(REQUIRED ACTION): Give back the exact lines of the material below from the one containing "17款丰田酷路泽4000中东" through the one containing "Welcome to 6385", and no pictures.
─── DATA FOR ANALYSIS ───
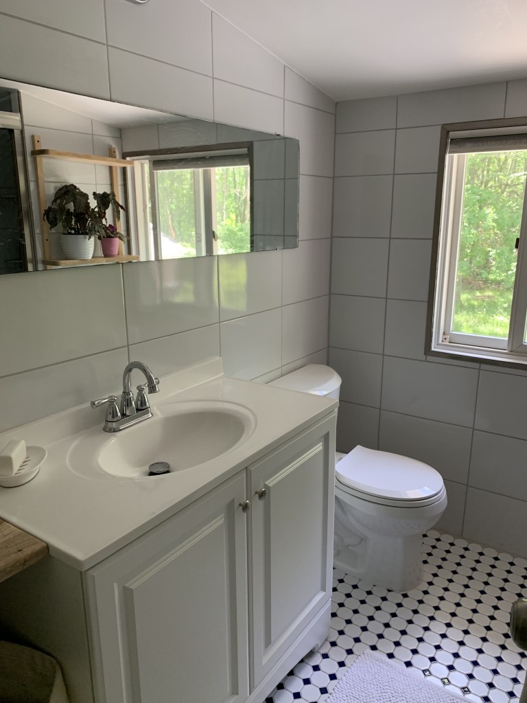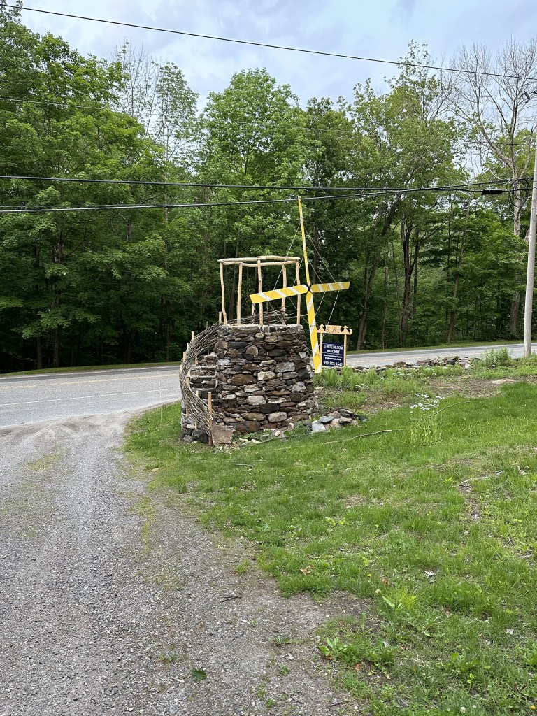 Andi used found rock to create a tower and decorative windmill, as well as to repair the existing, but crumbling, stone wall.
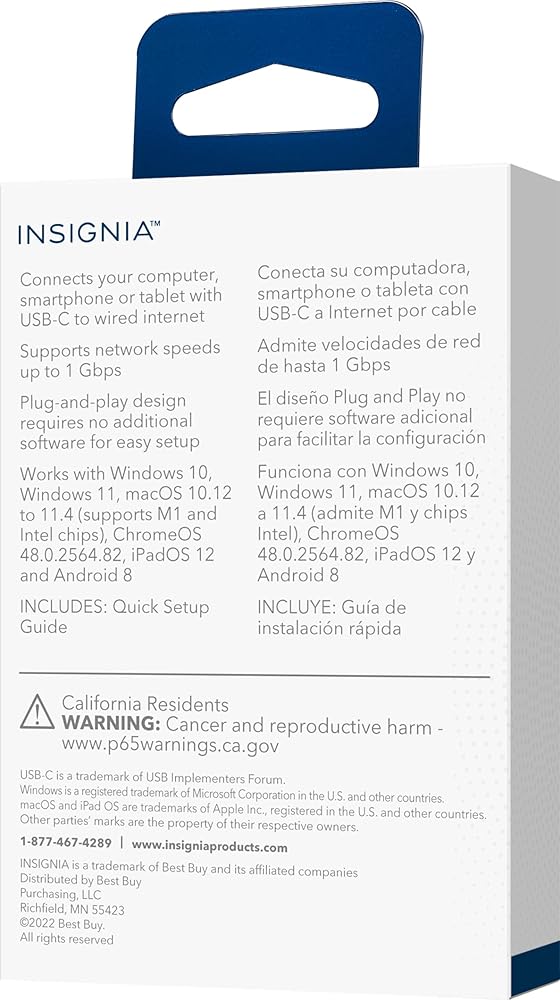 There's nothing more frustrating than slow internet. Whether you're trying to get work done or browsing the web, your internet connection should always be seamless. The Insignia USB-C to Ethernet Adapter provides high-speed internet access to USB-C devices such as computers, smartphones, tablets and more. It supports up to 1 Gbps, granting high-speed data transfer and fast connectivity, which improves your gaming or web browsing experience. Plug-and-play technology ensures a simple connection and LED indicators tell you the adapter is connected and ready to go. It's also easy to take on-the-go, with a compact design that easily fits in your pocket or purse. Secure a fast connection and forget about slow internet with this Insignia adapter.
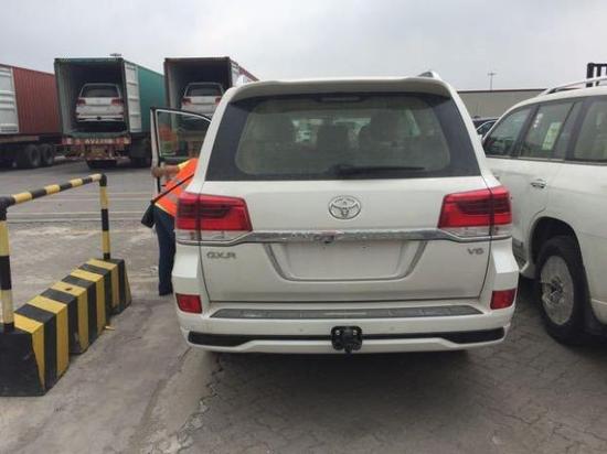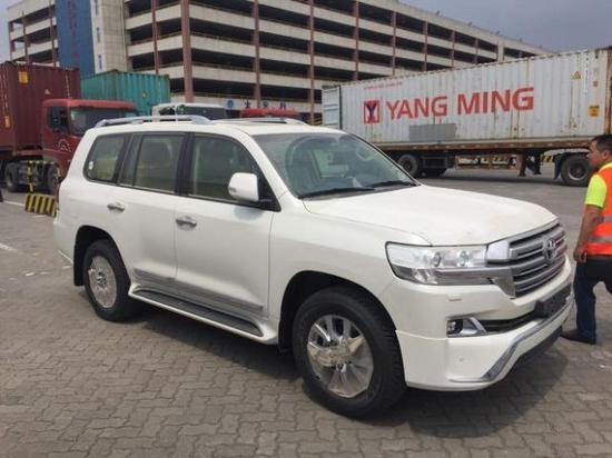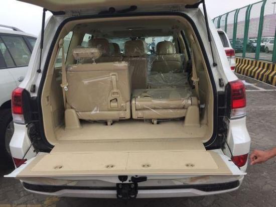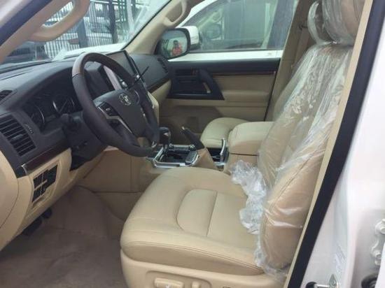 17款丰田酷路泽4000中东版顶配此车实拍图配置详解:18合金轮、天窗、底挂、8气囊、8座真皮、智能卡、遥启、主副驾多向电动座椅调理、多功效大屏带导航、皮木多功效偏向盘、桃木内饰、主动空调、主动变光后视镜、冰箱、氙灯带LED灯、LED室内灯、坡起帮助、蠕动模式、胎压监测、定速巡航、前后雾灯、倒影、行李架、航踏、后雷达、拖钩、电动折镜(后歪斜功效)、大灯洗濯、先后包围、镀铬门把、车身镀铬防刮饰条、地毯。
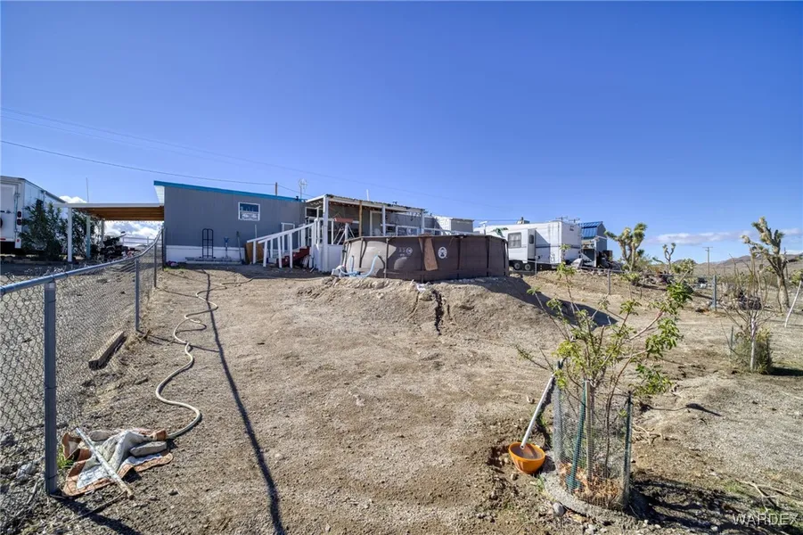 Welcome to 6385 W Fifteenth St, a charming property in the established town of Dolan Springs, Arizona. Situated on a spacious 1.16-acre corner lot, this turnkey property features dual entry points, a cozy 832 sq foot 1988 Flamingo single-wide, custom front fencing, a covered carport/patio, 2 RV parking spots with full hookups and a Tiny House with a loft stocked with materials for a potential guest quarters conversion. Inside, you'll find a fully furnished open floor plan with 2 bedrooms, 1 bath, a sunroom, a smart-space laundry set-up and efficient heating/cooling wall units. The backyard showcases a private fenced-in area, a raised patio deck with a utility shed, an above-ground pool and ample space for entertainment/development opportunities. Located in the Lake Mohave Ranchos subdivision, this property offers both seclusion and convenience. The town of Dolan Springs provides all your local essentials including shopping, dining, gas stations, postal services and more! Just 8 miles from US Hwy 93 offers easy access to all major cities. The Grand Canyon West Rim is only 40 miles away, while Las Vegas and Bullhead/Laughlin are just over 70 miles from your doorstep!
───
─── DATA FOR ANALYSIS ───
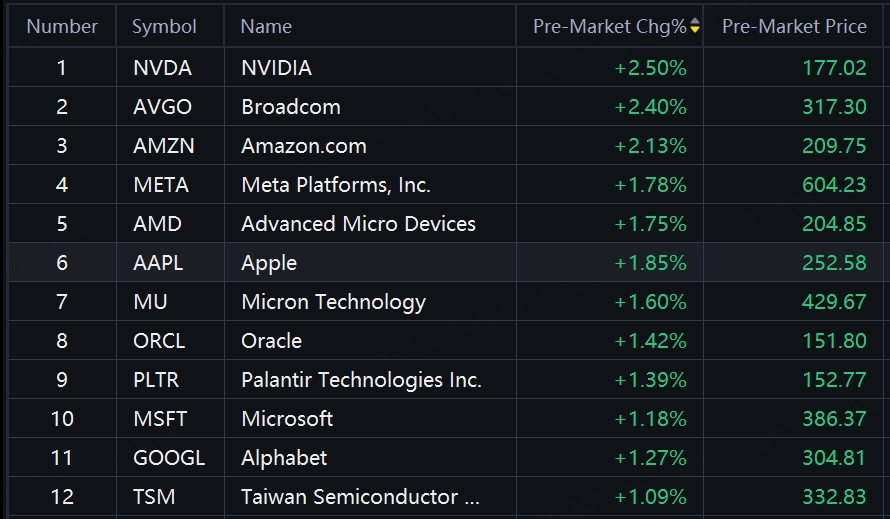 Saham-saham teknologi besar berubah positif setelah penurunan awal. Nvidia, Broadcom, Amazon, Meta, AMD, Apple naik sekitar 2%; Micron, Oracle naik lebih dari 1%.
───
─── DATA FOR ANALYSIS ───
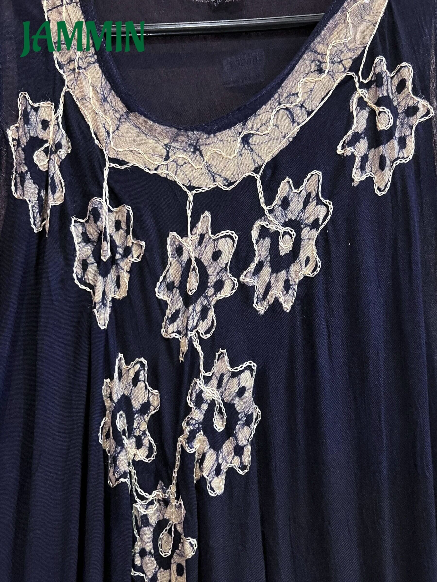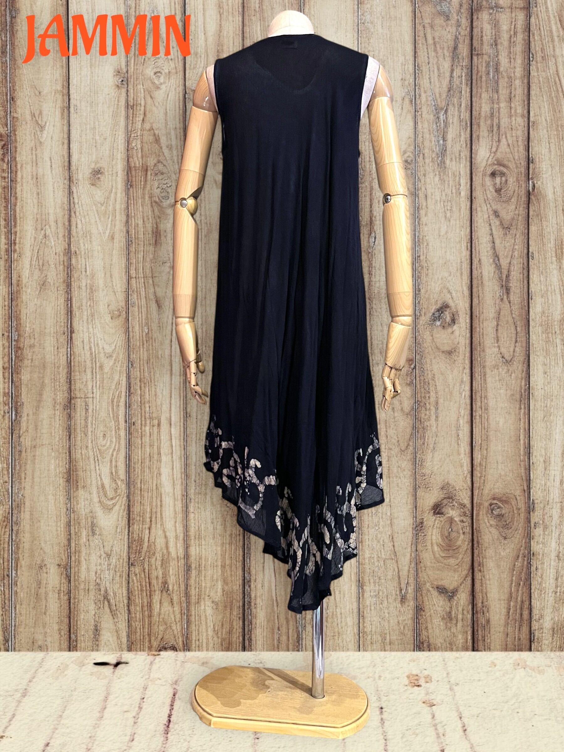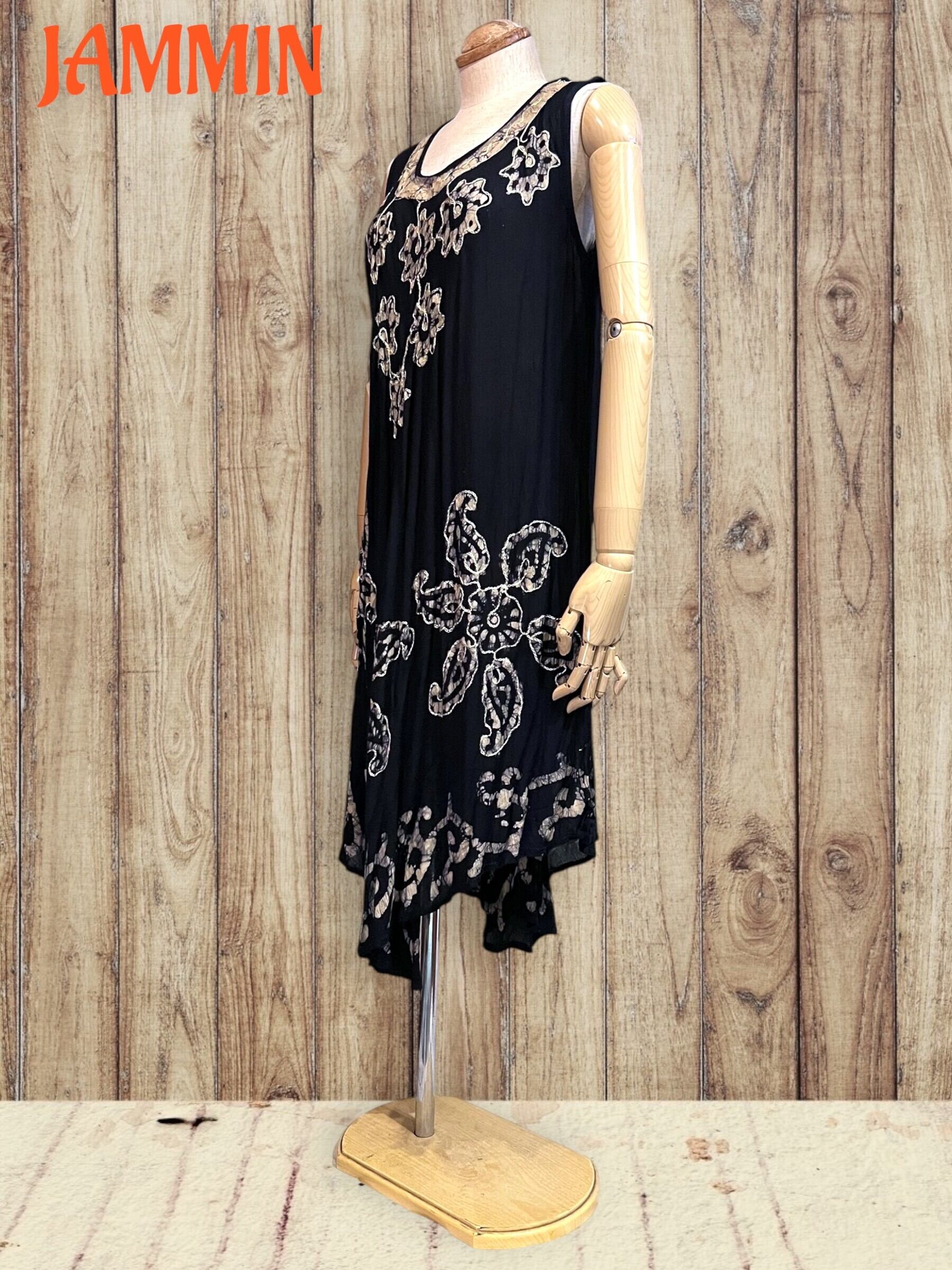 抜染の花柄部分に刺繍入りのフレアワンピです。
───
(RESULT):
 17款丰田酷路泽4000中东版顶配此车实拍图配置详解:18合金轮、天窗、底挂、8气囊、8座真皮、智能卡、遥启、主副驾多向电动座椅调理、多功效大屏带导航、皮木多功效偏向盘、桃木内饰、主动空调、主动变光后视镜、冰箱、氙灯带LED灯、LED室内灯、坡起帮助、蠕动模式、胎压监测、定速巡航、前后雾灯、倒影、行李架、航踏、后雷达、拖钩、电动折镜(后歪斜功效)、大灯洗濯、先后包围、镀铬门把、车身镀铬防刮饰条、地毯。
 Welcome to 6385 W Fifteenth St, a charming property in the established town of Dolan Springs, Arizona. Situated on a spacious 1.16-acre corner lot, this turnkey property features dual entry points, a cozy 832 sq foot 1988 Flamingo single-wide, custom front fencing, a covered carport/patio, 2 RV parking spots with full hookups and a Tiny House with a loft stocked with materials for a potential guest quarters conversion. Inside, you'll find a fully furnished open floor plan with 2 bedrooms, 1 bath, a sunroom, a smart-space laundry set-up and efficient heating/cooling wall units. The backyard showcases a private fenced-in area, a raised patio deck with a utility shed, an above-ground pool and ample space for entertainment/development opportunities. Located in the Lake Mohave Ranchos subdivision, this property offers both seclusion and convenience. The town of Dolan Springs provides all your local essentials including shopping, dining, gas stations, postal services and more! Just 8 miles from US Hwy 93 offers easy access to all major cities. The Grand Canyon West Rim is only 40 miles away, while Las Vegas and Bullhead/Laughlin are just over 70 miles from your doorstep!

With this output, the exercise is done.